Updated On: 05 December, 2023 01:05 AM IST | Mumbai | Tanishka D’Lyma
After girl dinners and funny spin-offs like parent dinners and guy dinners, we are curious about what chef dinners look like. Five culinary experts take us through their personal menus after a day of tasting through food prep and service

Delzad K Avari
Chef Delzad K Avari, chef and founder of Del’z Kitchen
During service when you’re sending out food or at the stove, there is no time to eat. But we remember to keep hydrating. Post service, we move to comfort food, something that’s easy to pick up or cook. When I was in the Caribbean, post service, I would pick up a doner kebab or shawarma from street-side stalls. They would sell a chole puri-like dish called doubles, which had a flat puri topped with imli chutney and hot pepper sauce; another favourite was aloo pie, an oblong dough with aloo and jeera that was filled with chana masala or chowmein. And if I was eating at home, it would be a simple sandwich of cold cuts, or my secret guilty pleasure, ramen.
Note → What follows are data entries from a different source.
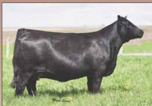
PVF MISSIE 4149, DAM OF LOTS 21 & 22
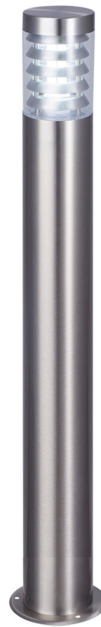
CLA1615L (Bollard Light)
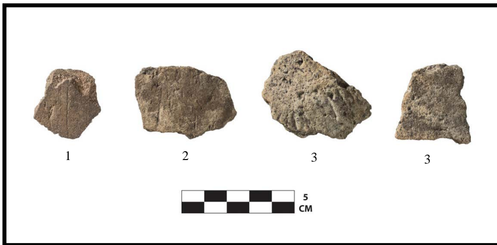
Figure 5: 20SA1251, grit-tempered ceramic sherds.

The site was visited twice in 2018, once in May and once in October. The water level in May was up to the top of the bank, preventing an erosion assessment and obscuring surface visibility. Water levels were lower during the October visit with areas of eroded shoreline visible. An approximately 1X2 meter cluster of FCR from a completely eroded out hearth feature was marked as way point 2128 (Appendix C). Four grit-tempered ceramic sherds found within the FCR cluster were collected and have been assigned to Accession F18-2 (Appendix D and E). One sherd has a smooth exterior surface with fine incised lines, or possibly rocker-stamping (Figure 5, #1). This sherd is an example of Middle Woodland Green Point ware (Fischer 1972). A second sherd, probably also Green Point ware and possibly from the same vessel as the previous, exhibits fine incised lines over a smoothed-over surface (Figure 5, #2). The final two sherds appear to be from the same vessel. They have smoothed-over cord-roughened exterior surfaces with no decorative elements (Figure 5, #3). They, too, likely date to the Middle Woodland time period.
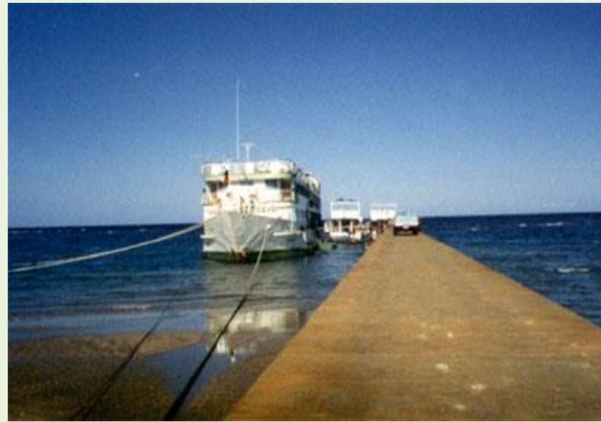
Jetty at Quseir

When I was working at the Taj Mahal Hotel, I would head to Bademiya nearby. After 12 to 14 hours of cooking, tasting and service, you don’t really want to spend time making anything. You want to just plonk yourself in front of the television, eat and sleep!
Pro-tip for a quick filling meal: Stock salad leaves in the refrigerator. Keep a pre-made salad dressing of honey, mustard and balsamic. You can toss it together with a protein like boiled eggs and your favourite veggies.